Nephew: What’s love?
Me: Well, all the women text you except the one you like. And it hurts, so we drink.
Sister: Get away from him!
My uncle used to bet me a root beer that I couldn’t sit quietly in the car in the casino parking lot. I ALWAYS won lmao
My mom just told me that one of her coworkers taught a first grader who spoke in a British accent
Which isn’t that weird at all—until you take into account that his parents are from here, they have no accents & their son somehow adopted an entire dialect from watching Peppa Pig
Shout out to jalapeños, or should I say holla peños.
How long do I have to sleep before I’m legally a bear?
[to a straight couple]
Which one is the lesbian and which one is the other lesbian
Pretty insulting when you wake up in a bathtub of ice and they left all your organs.
The average human walks 900 miles per year and drinks 22 gallons of coffee.
This means that the average human gets 41 miles per gallon.
Reasons to jump:
1. Trampoline
2. Skydiving
3. Bungee jumping
4. Kris Kross made you
I ran out of coffee this morning, beer seemed like an acceptable replacement. Everyone is so pretty today.
You ever wonder what life would be like if you didn’t overthink everything? I think about it all the time
Sometimes I go to the store for a battery, and come out with cotton balls, spray paint, cereal, and a lamp.
Smallpox sounds so adorable
Welcome to your 40s: the good news is you only gained a single pound, the bad news is you did it ten times.
I’d probably start exercising if it didn’t require moving around so much.
My neighbor started mowing his yard at 6am so I opened all my windows and vacuumed because I don’t understand how revenge works.
he said he adored my imperfections.
and i was like WHAT IMPERFECTIONS????
I just took out a spider so big that, moments after, the postman rang the doorbell and I thought it was the spider.
A 5 day juice diet. They said I would “feel it” working in just 5 days. They were right, I’ve never felt more hungry in all my life.
My teens hanging with me at 7pm:
19yo: I need to email my professor!
15yo: That’s late for an old person.
19yo: He answered me back!
15yo: Wow! You sure he’s as old as Mom?
Me: Hey!
19yo: No–
Me: Thank you!
19yo: Definitely not as old as Mom!
Me: HEY!
Voldemort: I’m here to kill Harry Pott- [struggling to open baby gate]
James Potter: push down and then pull back
Voldemort: I am [still struggling]
Lily Potter: jiggle it he needs to jiggle it
Voldemort: I AM JIGGLING IT; You know what forget it I’ll come back when he’s 10
“Honey, don’t try to feed ice cream to the Christmas tree,” is a thing I literally just said.

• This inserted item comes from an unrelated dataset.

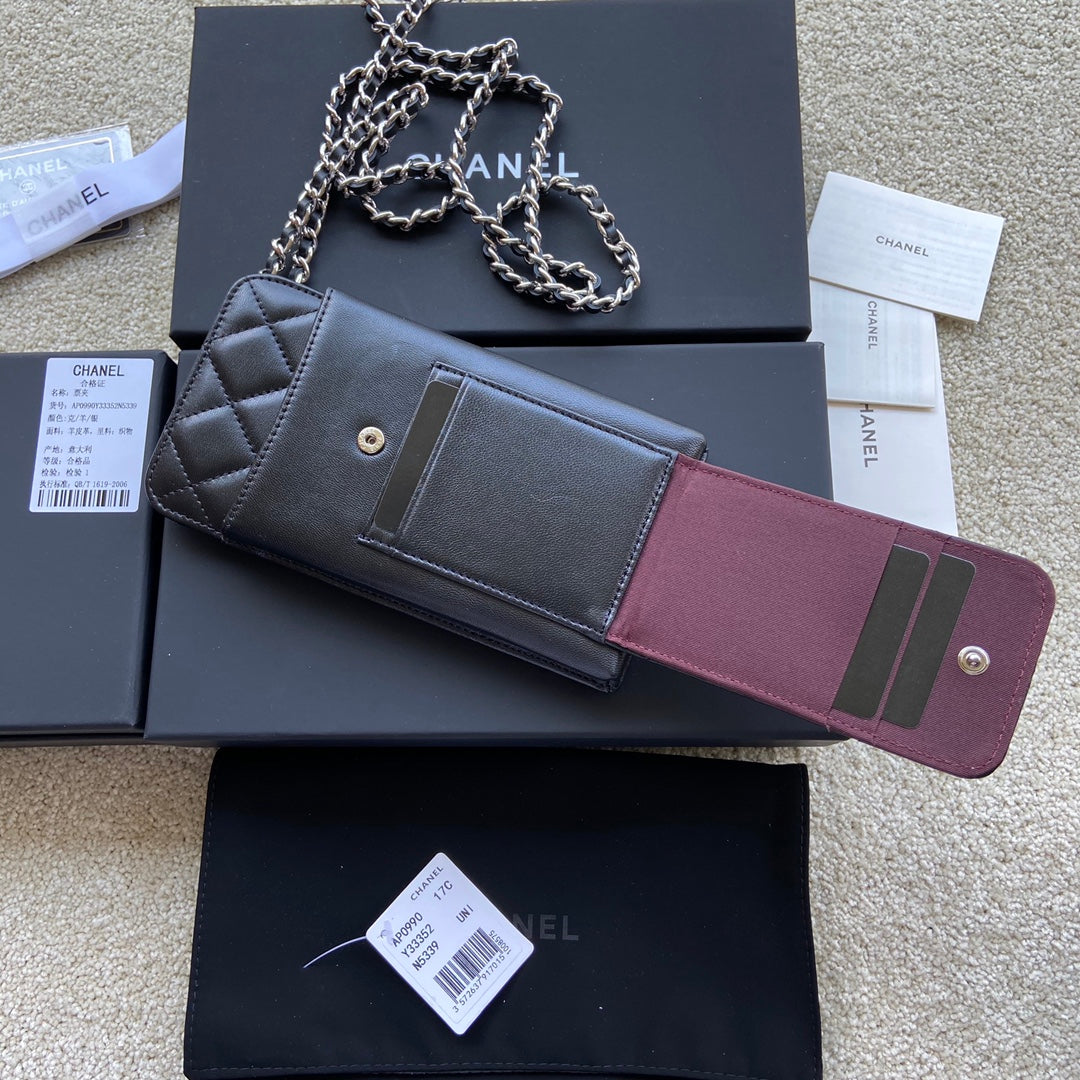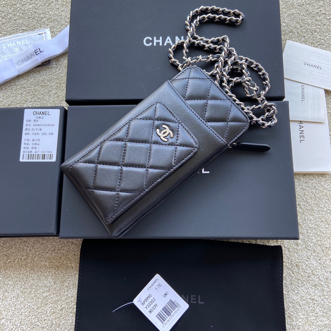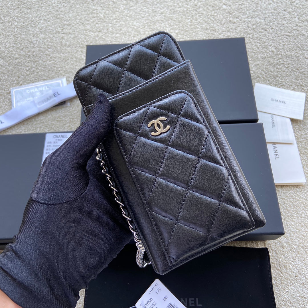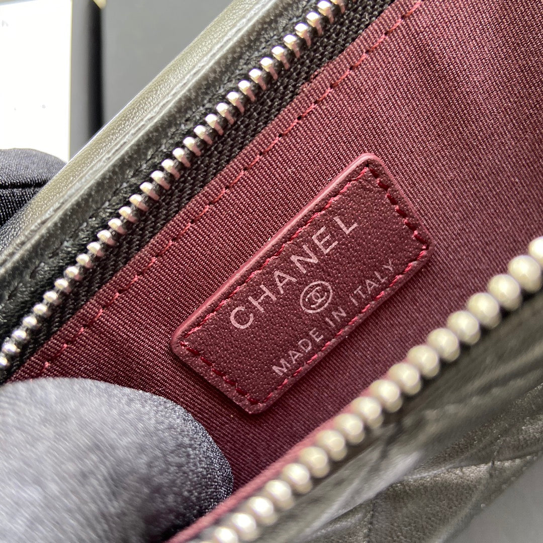 CC Compact Double Pouch Black Sheepskin Silver Steel 229645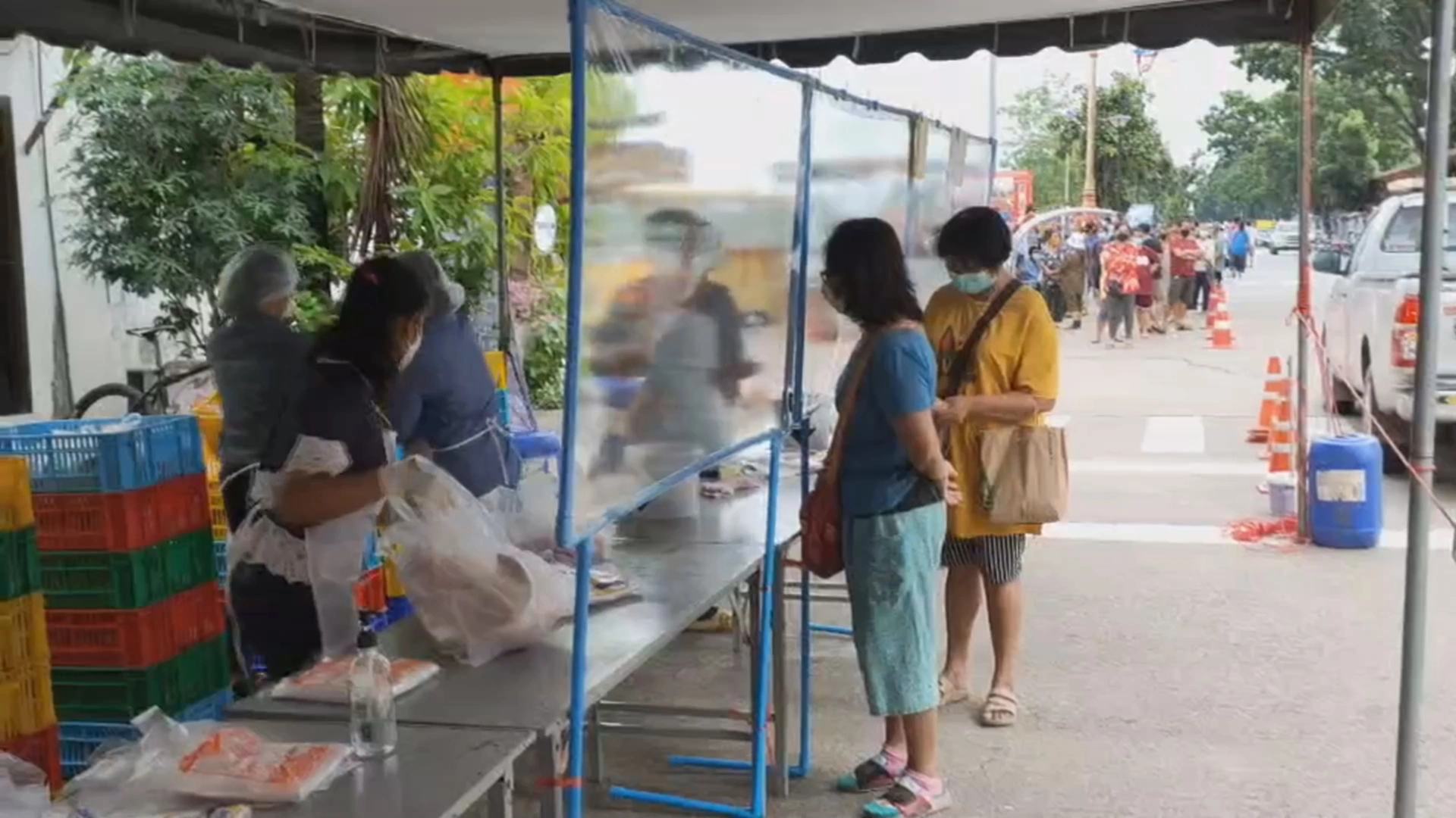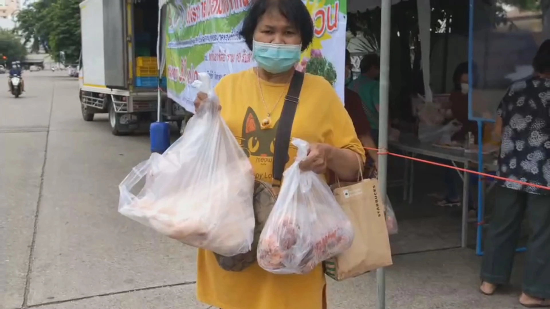 ส่วนน.ส วาสนา ศรีคูณ อายุ 47 ปี ตนทำงานเป็นพนักงานเสิร์ฟ ร้านอาหาร บอกว่า ได้รับผลกระทบจากโควิด เพราะต้องทำงานวันเว้นวัน ไม่ได้ทำงานทุกวัน ตนคิดว่าโครงการนี้ช่วยลดค่าใช้จ่ายได้มาก ตนมาซื้อเนื้อหมูจำนวน 4 กิโลกรัม เพื่อทำอาหาร และนำไปทำเนื้อหมูแดดเดียว เพื่อเก็บไว้กินได้นานๆ เพราะโควิดตนกับครอบครัว ก็ได้รับผลกระทบ เพราะตนเป็นคนที่หาเงินตนเดียวในบ้าน อยากให้มีการจัดแบบนี้ไปจนกว่าสถานการณ์จะดีขึ้น เพราะช่วยลดค่าใช้จ่ายได้เป็นอย่างมาก.

genie: what’s your 3rd wish
me: i wish u had amnesia
genie: what’s your 1st wish
Dog tried taking me for a run. I wasn’t having it. I made her drag me the whole time.
To little kid eyeing my McDonalds: thats right i can eat this any time i want… Dont ask about any of the other parts of my life please.
“The way to a man’s heart is through his stomach.”
– inept cardiovascular surgeons who end up going into gastroenterology
Autocorrect changed ‘get a life’ to ‘get a wife’ and now my daughter is a lesbian.